Merit aid may be awarded based on a student’s initial application with no additional information required — especially if the award is for academic achievement — or may require a special application, audition, essay, or portfolio.
Athletic scholarships are awarded only by certain schools and are the result of a complex process governed by rules and regulations promulgated by the federal government and governing bodies such as the National College Athletic Association (NCAA) and the National Association of Intercollegiate Athletics (NAIA). . .
All private scholarships and grants must be applied for through the approximately 5,000 groups and organizations across the country that provide such assistance. Each scholarship will have its own set of eligibility procedures, rules and deadlines.

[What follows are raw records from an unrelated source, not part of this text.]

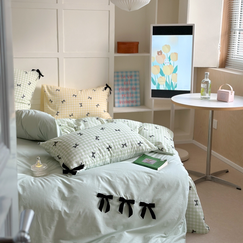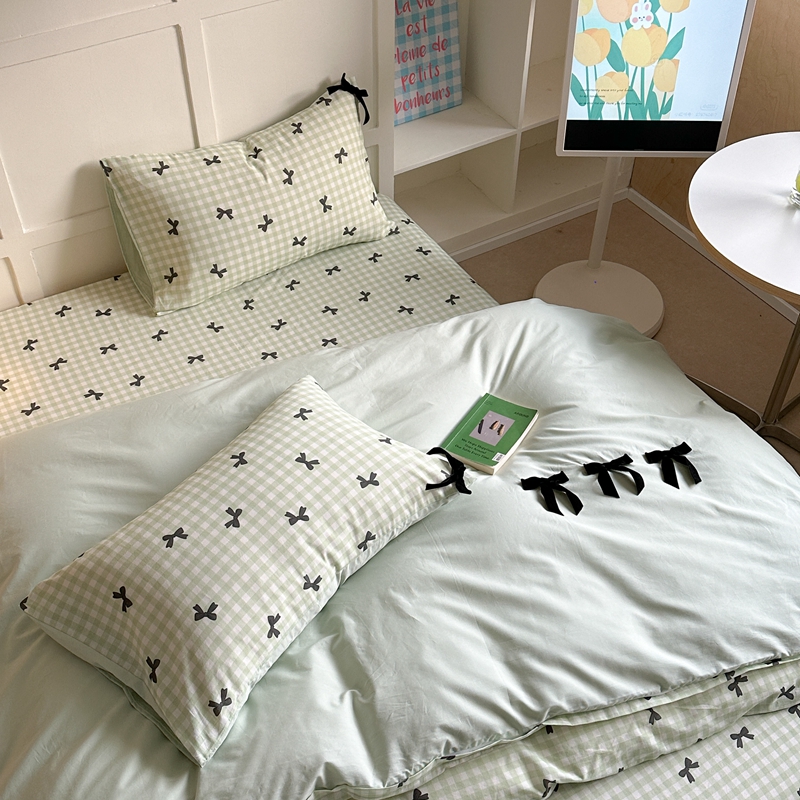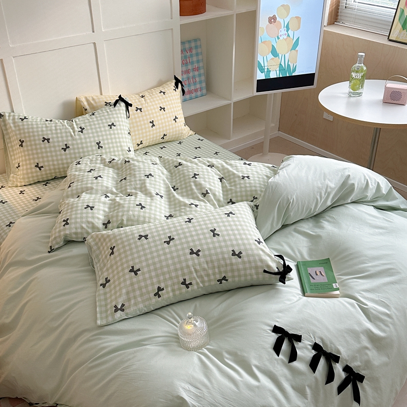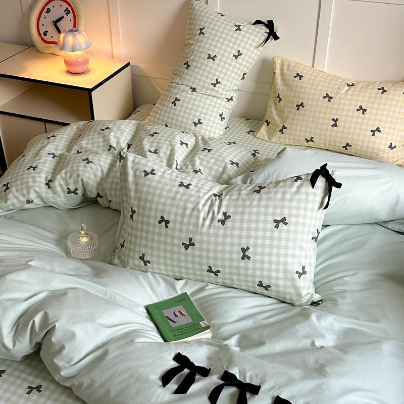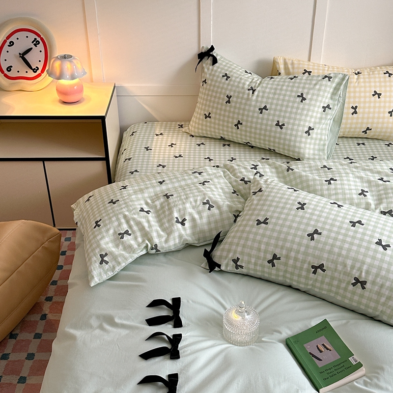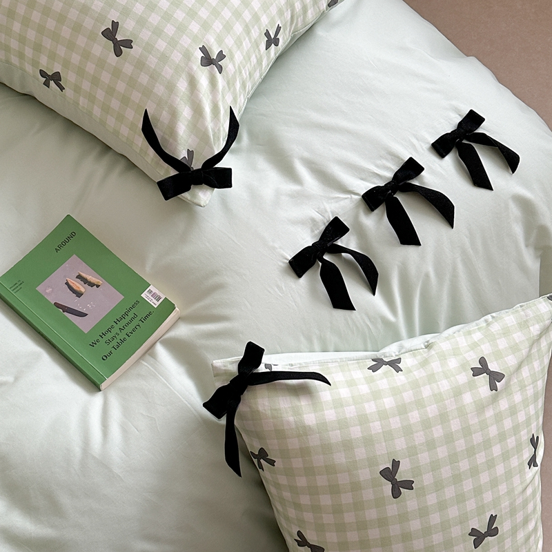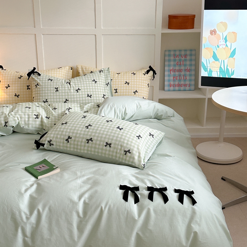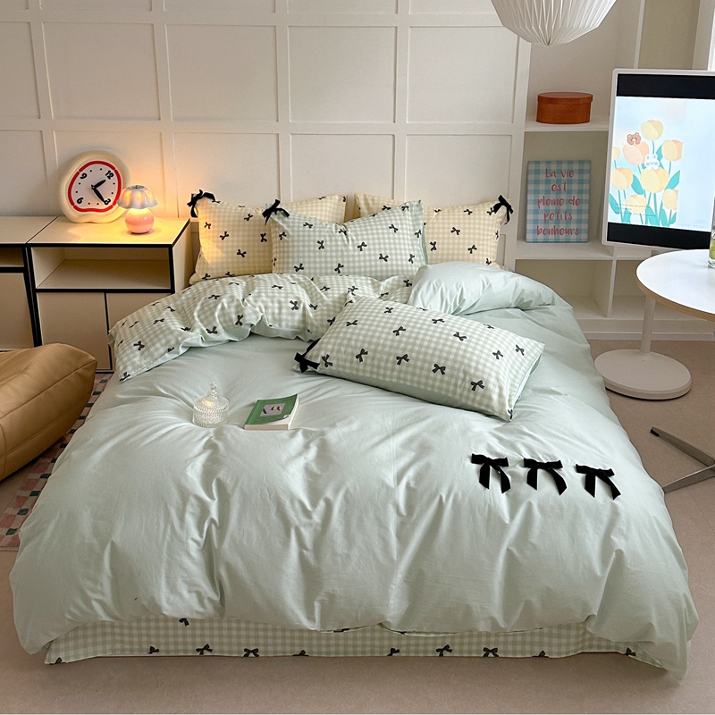 柚子YOUTH 2024新款工艺蝴蝶结水洗棉四件套 蝴蝶结-绿格
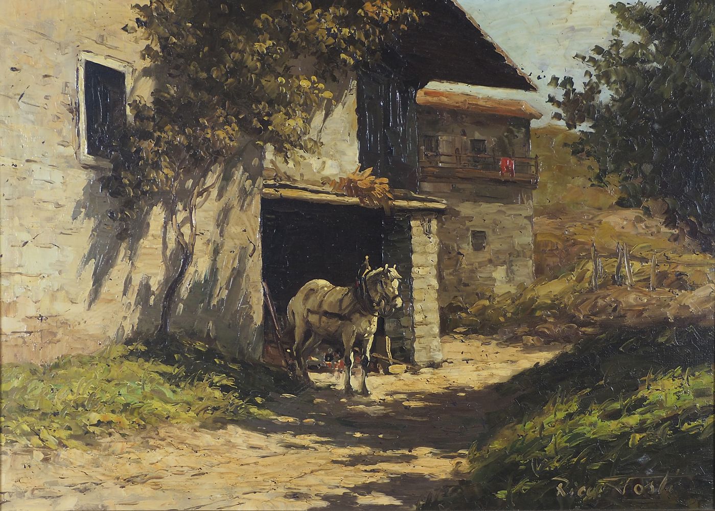Riccardo Tosti Trieste 1910-1986 "il guardiano" cm. 50x70 - olio su faesite Firmato b. a d.
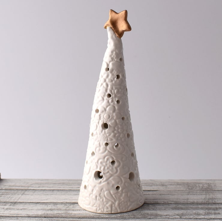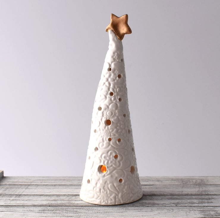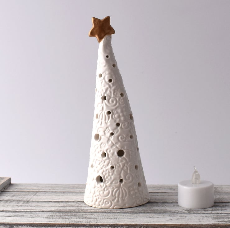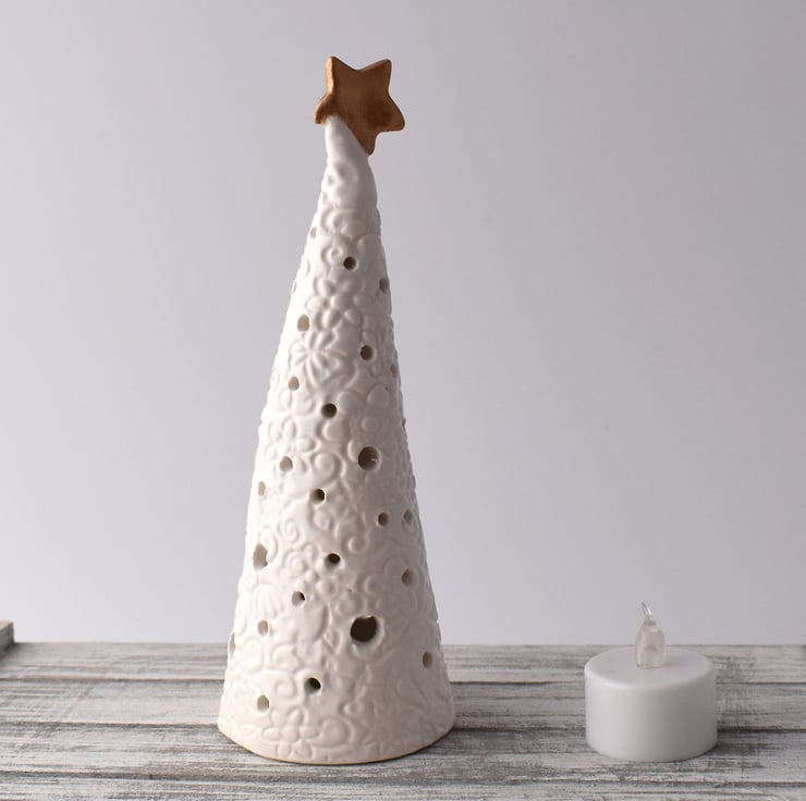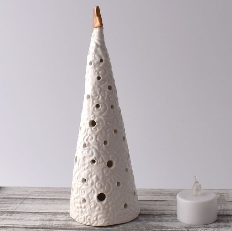 A cone shaped pottery Christmas tree with LED tea light included, standing around 19cm tall.
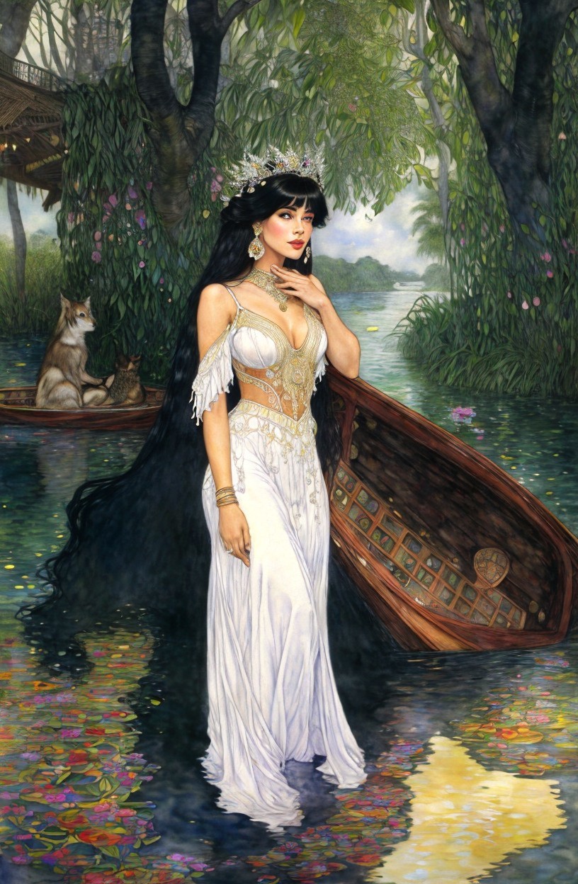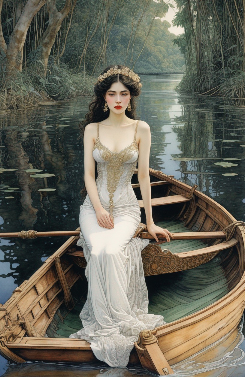A woman in a vintage dress sits in a boat surrounded by lush greenery and water lilies.

Exploring potential sources of scholarship aid should be part of every student’s agenda. Each high school guidance office will have information about available scholarships and how to apply for them. In addition, colleges and universities provide information about their own financial aid programs through their websites and financial aid offices. Veterans seeking college assistance can obtain information from the VA or DoD.
Finally, there are many websites and books to educate students and parents about the thousands of scholarships and grants that can help make college more affordable. The US News & World Report says the best scholarship search websites are free, including Fastweb.com, Scholarships.com, CollegeBoard.com, CollegeNet.com and ScholarshipMonkey.com.